What is the GDC(2^32-2^24+2^16-2^8+1, 2^8+1)?

My question is:
GCD(\frac{2^40+1}{2^8+1}, 2^8+1), but I'm stuck here:
GDC(2^32-2^24+2^16-2^8+1, 2^8+1). How I resolve this?

For to get GDC(2^32-2^24+2^16-2^8+1, 2^8+1) I made about the result that
(x^5+y^5) = (x+y)(x^4 - x^3y + x^2y^2-xy^3+y^4) and then, I choose x = 2^8 and y = 1.

1 Answer
Jul 14, 2018

The greatest common divisor of 2^32-2^24+2^16-2^8+1 and 2^8+1 is 1

Explanation:

Note that:

257 = 2^8+1 = 2^(2^3)+1

is a prime number - in fact one of the few known Fermat prime numbers.

So the only possible common factors of 2^8+1 and 2^32-2^24+2^16-2^8+1 are 1 and 257.

However, as you have noted in the question:

2^32-2^24+2^16-2^8+1 = (2^40+1)/(2^8+1)

is of the form:

x^4-x^3y+x^2y^2-xy^3+y^4 = (x^5+y^5)/(x+y)

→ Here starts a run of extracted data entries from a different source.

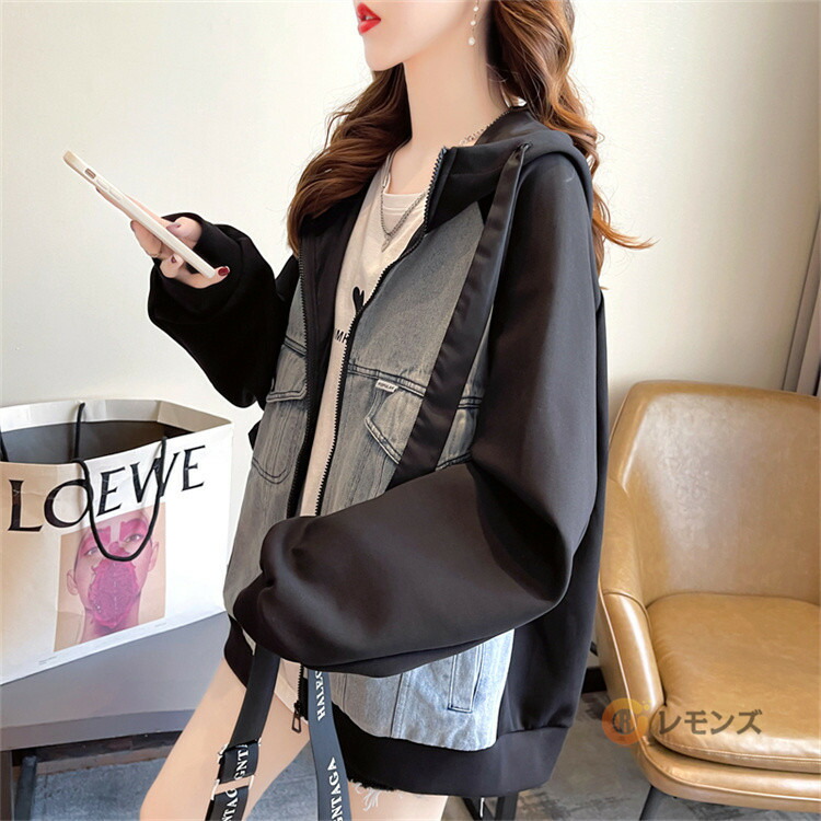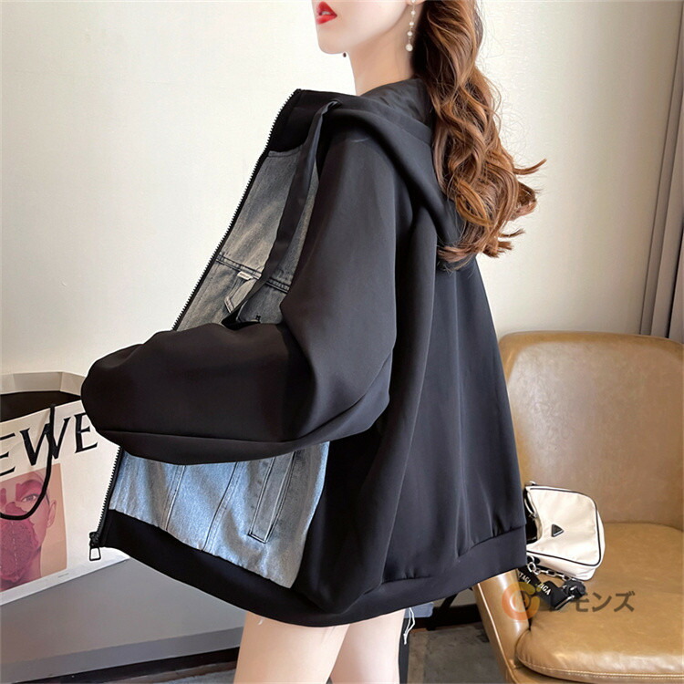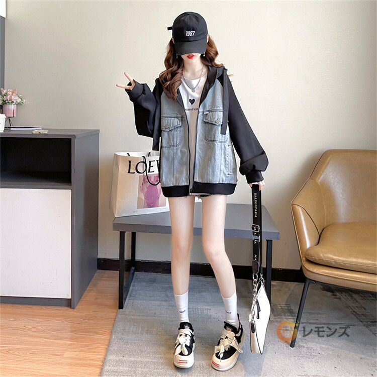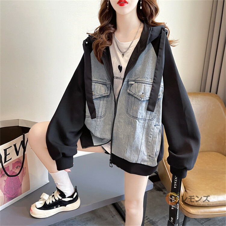 商品名 デニム パーカー レディース ドッキング デニムパーカー フードパーカー シップアップ フード 羽織 ライトアウター 大きいサイズ スエット スウェット トレーナー デニムGジャン 秋 冬 防寒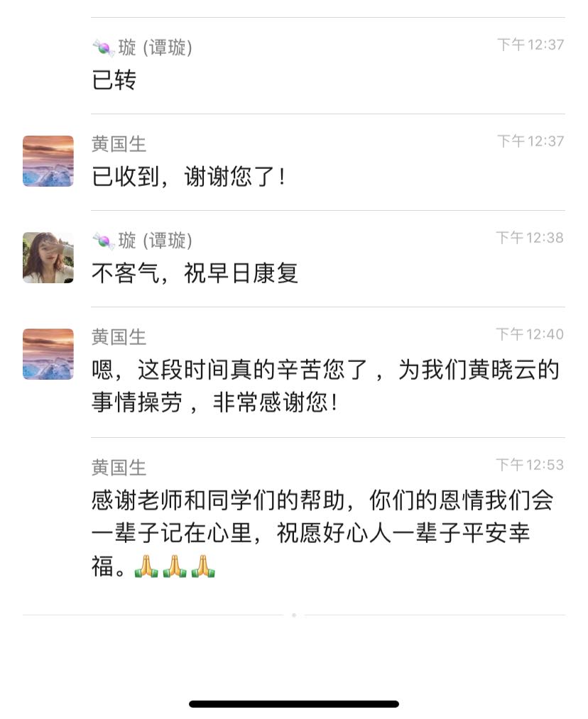“一方有难,八方支援。”得知黄晓云同学患病的消息后,我院2021年4月12日组织动员,发起爱心募捐。全校师生纷纷响应,伸出援助之手,慷慨解囊,奉献出自己的一片爱心,共同谱写一曲爱的乐章。截至目前共收到全校师生捐款27982.57元,学院已把募捐到的钱转到黄晓云父亲账号并表示关怀及慰问,祝愿黄晓云同学能早日康复,重返校园!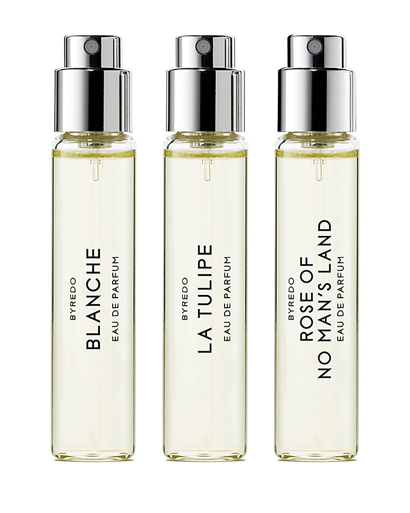 What It Is:La Selection Florale is a presentation box of three floral iconic scents: Blanche, La Tulipe and Rose of No Man’s Land. The vials are ideal to use with Byredo’s functional and timeless Necessaire de Voyage Leather Travel Cases (sold separately).Set Includes:- Blanche Eau de Parfum 0.4 oz.- La Tulipe Eau de Parfum 0.4 oz.- Rose of No Man’s Land Eau de Parfum 0.4 oz.

The one factor (x+y) = 2^8+1 of 2^40+1 corresponds to the real fifth root of unity and (x+y) is not automatically a factor of the remaining quartic x^4-x^3y+x^2y^2-xy^3+y^4 whose other linear factors are all non-real complex.

We can manually divide x^4-x^3y+x^2y^2-xy^3+y^4 by x+y to get a polynomial remainder and then substitute x=2^8 and y=1 to check that this is not a special case...

x^4-x^3y+x^2y^2-xy^3+y^4 = (x+y)(x^3-2x^2y+3xy^2-4y^3)+5y^4

So the remainder is:

5y^4 = 5(color(blue)(1))^4 = 5

Since the remainder is non-zero, 2^32-2^24+2^16-2^8+1 and 2^8+1 have no common factor larger than 1.